Positiv schwanger? Kein Problem!
Die wichtigsten Fragen und Antworten zu HIV und Schwangerschaft
Frauen mit HIV können dank der antiretroviralen Therapie ein Leben führen wie andere Frauen auch. Dazu gehört für viele, Kinder zu bekommen. Doch können Mütter mit HIV auch unbesorgt stillen? Und gibt es Übertragungsrisiken bei der Entbindung? Welche Schwierigkeiten treten in der Versorgung auf? Wir haben den aktuellen medizinischen Stand und andere wichtige Informationen rund um die Schwangerschaft von Frauen mit HIV zusammengestellt. Dabei kamen unterschiedliche Expert_innen zu Wort: Emilia, eine HIV positive Mutter, die uns ihre Erfahrungen während der Schwangerschaft und Geburt geschildert hat, Patricia Barth, Beraterin von VHIVA KIDS aus Hamburg, Ingrid Mumm, Landeskoordinatorin für „Aids, Kinder und Familie“ der Aidshilfe Niedersachsen, und Dr. Annette Haberl vom HIVCENTER der Universitätsklinik Frankfurt am Main, die uns für ein langes Interview zur Verfügung stand.
Plötzlich positiv: Was bedeutet es, wenn ich erst während der Schwangerschaft meine HIV-Diagnose erhalte?
Um die HIV-Übertragung auf das Kind zu verhindern, sollte die Viruslast spätestens zum Zeitpunkt der Geburt unter der Nachweisgrenze liegen. Je früher eine geeignete Therapie begonnen wird, desto besser. Aus diesem Grund wird werdenden Müttern bereits in den ersten Wochen der Schwangerschaft im Rahmen der Vorsorgeuntersuchung ein HIV-Test angeboten. Emilia, die ihre HIV-Diagnose im Rahmen der Vorsorgeuntersuchung erhalten hat, wurde von der Nachricht völlig unvorbereitet getroffen. „Meine ganze Welt blieb stehen, und mir schossen unendlich viele Fragen durch den Kopf.
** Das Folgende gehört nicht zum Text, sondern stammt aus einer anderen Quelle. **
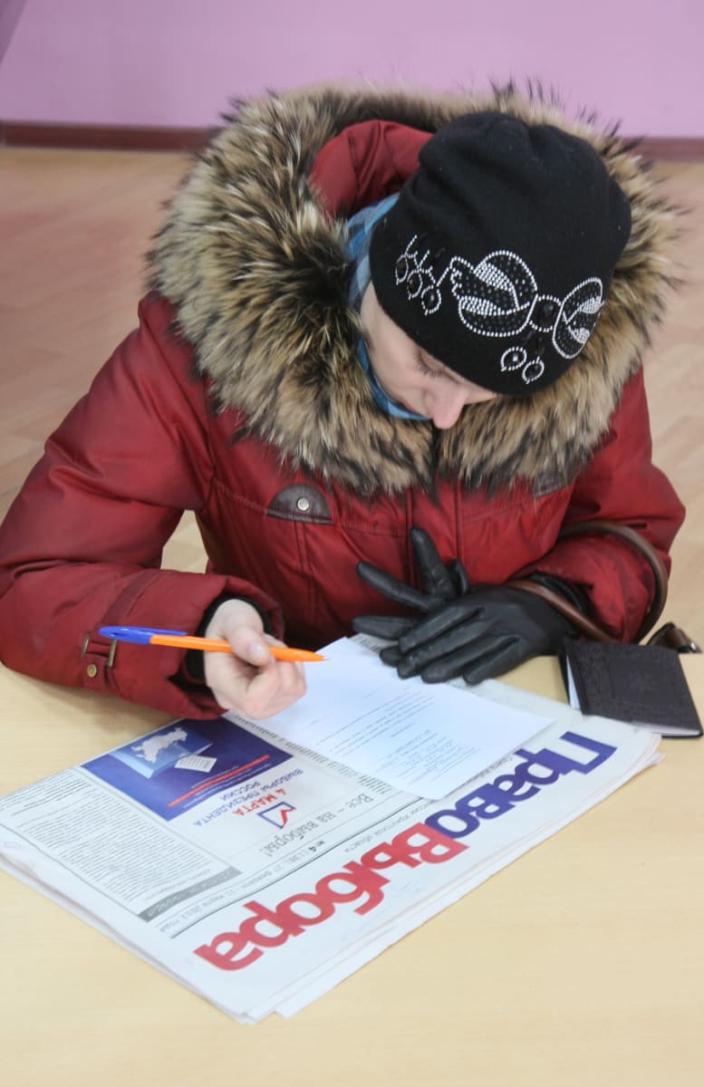 – Давайте уже голосовать, электричка уйдёт! – за пару минут до восьми утра просила девушка с парой лыж наперевес, но избирательный участок № 789 открылся точно в 8:00. К моменту, когда председатель участковой избирательной комиссии Марина Никифорова торжественно объявила о начале выборов президента, у прохода в школьный холл уже выстроились в очередь несколько первых избирателей (так было и на двух других наших участках, явка в Иркутске превысила 54%).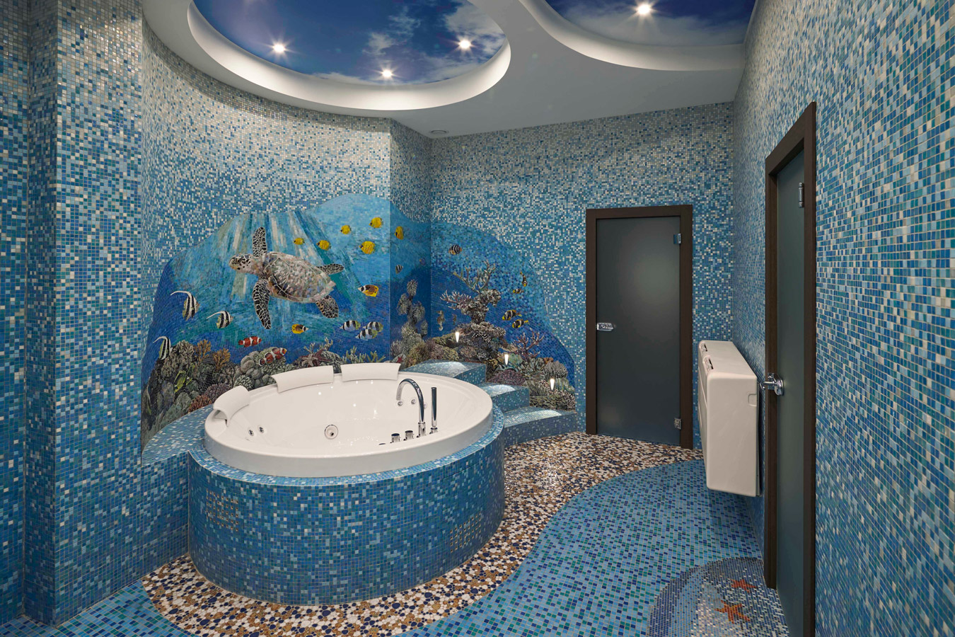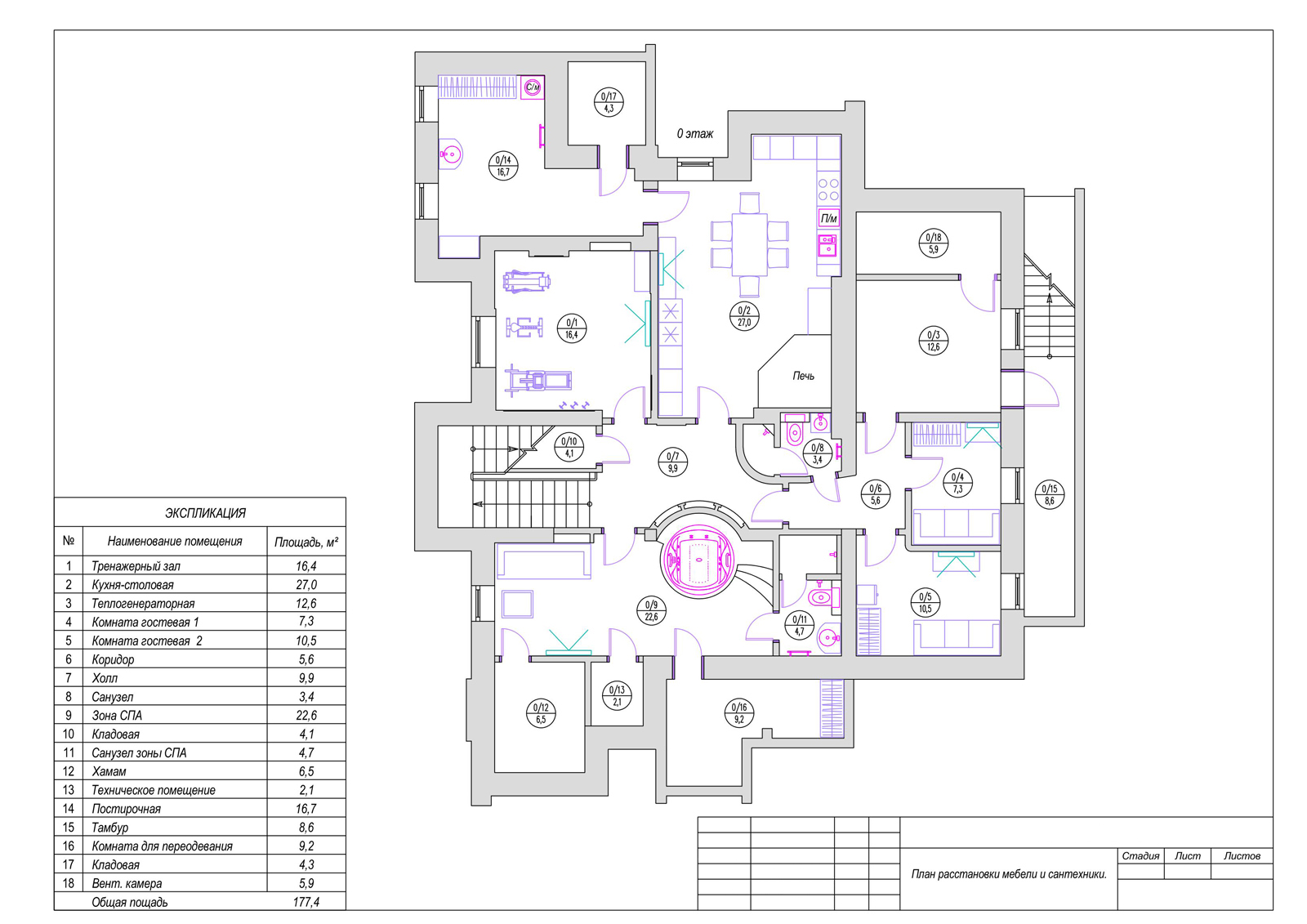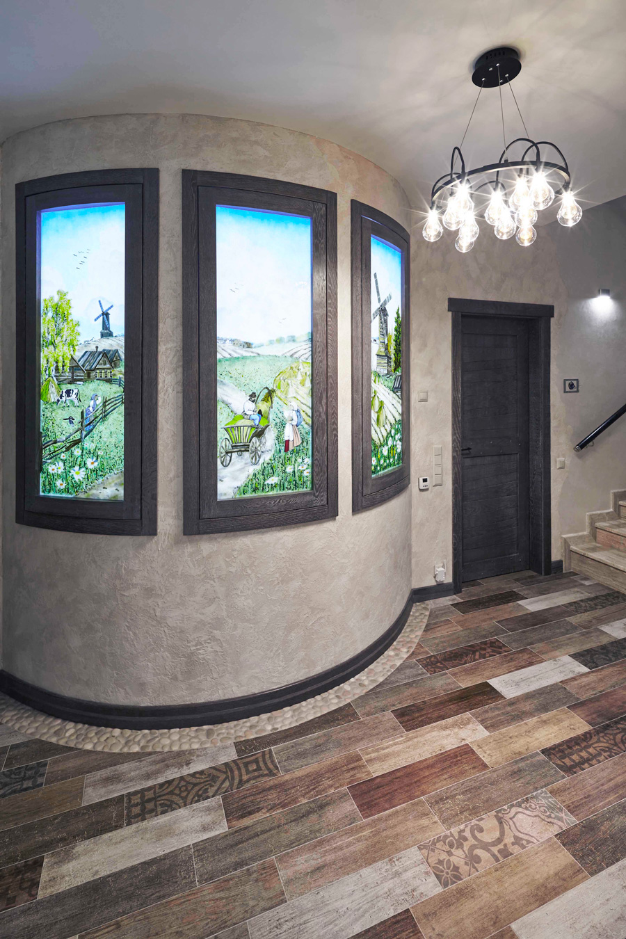 В цоколе функционирует кухня с настоящей дровяной печью, в которой можно не только запекать мясо или рыбу, но и также приготовить великолепную пиццу. Интерьер цокольного этажа необычен и представляет собой индивидуальное современное кантри с выполненной под заказ мебелью и удивительной люстрой с витражными элементами, повторяющими рисунок изразцов эксклюзивной печи. Так же в цоколе дома есть комфортная wellness-зона со SPA-зоной в морском стиле, гидромассажной ванной и собственным массажным кабинетом. Персонализированный интерьер дома в Подмосковье стал удобным местом для постоянного проживания заказчиков.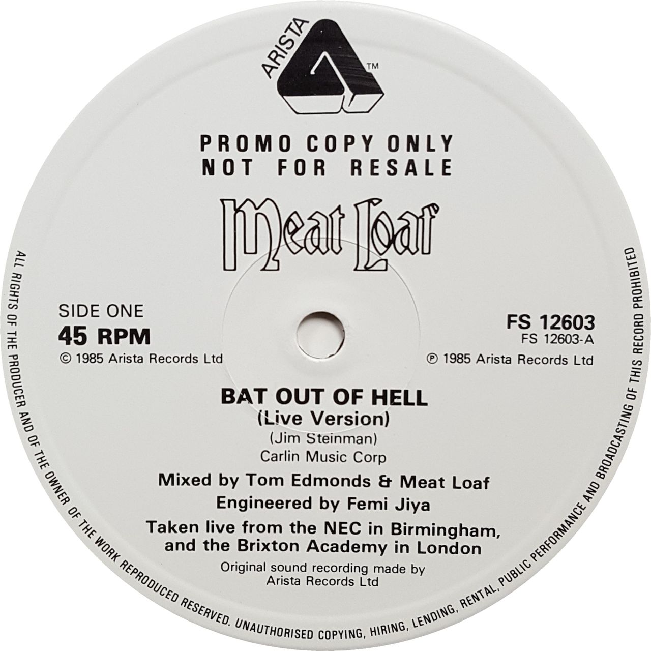 MEAT LOAF Bat Out Of Hell (1985 UK promotional vinyl 12" featuring a Live Version recored at the NEC in Birmingham & Brixton Academy in Long, also including Modern Girl US Remix, within a plain card sleeve. The vinyl shows very little evidenceof play FS12603)

Aber die allerwichtigsten waren: Was wird aus meinem Kind? Wird es sich auch infizieren? Wie soll ich ein Kind großziehen, wenn ich sowieso nur noch ein paar Jahre zu leben habe? Ich würde mein Kind niemals aufwachsen sehen!“
„Viele der HIV-positiven Schwangeren, die gerade von ihrer HIV-Infektion erfahren haben, befinden sich in einer akuten Krise“, sagt Patricia Barth von VHIVA KIDS aus Hamburg. „Sie sind nicht in der Lage, die Diagnose zu verarbeiten, und müssen sich immer wieder vergewissern, dass sie alles verstanden haben“, erklärt die Beraterin von VHIVA KIDS in Hamburg. Für Bezugspersonen sei es wichtig, sich Zeit zu nehmen und alle Fragen, auch zum wiederholten Male, geduldig zu beantworten. In einer solchen Situation, so die HIV-Medizinerin Dr. Annette Haberl vom HIVCENTER der Universitätsklinik Frankfurt am Main, benötigen die Frauen schnellstmöglich aktuelle Informationen zum Management von HIV in der Schwangerschaft. „Wir können ihnen deutlich machen, dass alles, was bis zur HIV-Diagnose ihr Plan fürs Leben war, weiterhin Bestand hat. Da wir jetzt die Diagnose kennen, können wir verhindern, dass es während der bestehenden Schwangerschaft zu einer Mutter-Kind-Übertragung kommt. Und natürlich sind auch weitere Kinder kein Problem. Schwangere mit HIV haben heute die Perspektive, irgendwann Großmütter zu werden.“
Werde ich mein Kind mit einem Kaiserschnitt zur Welt bringen müssen?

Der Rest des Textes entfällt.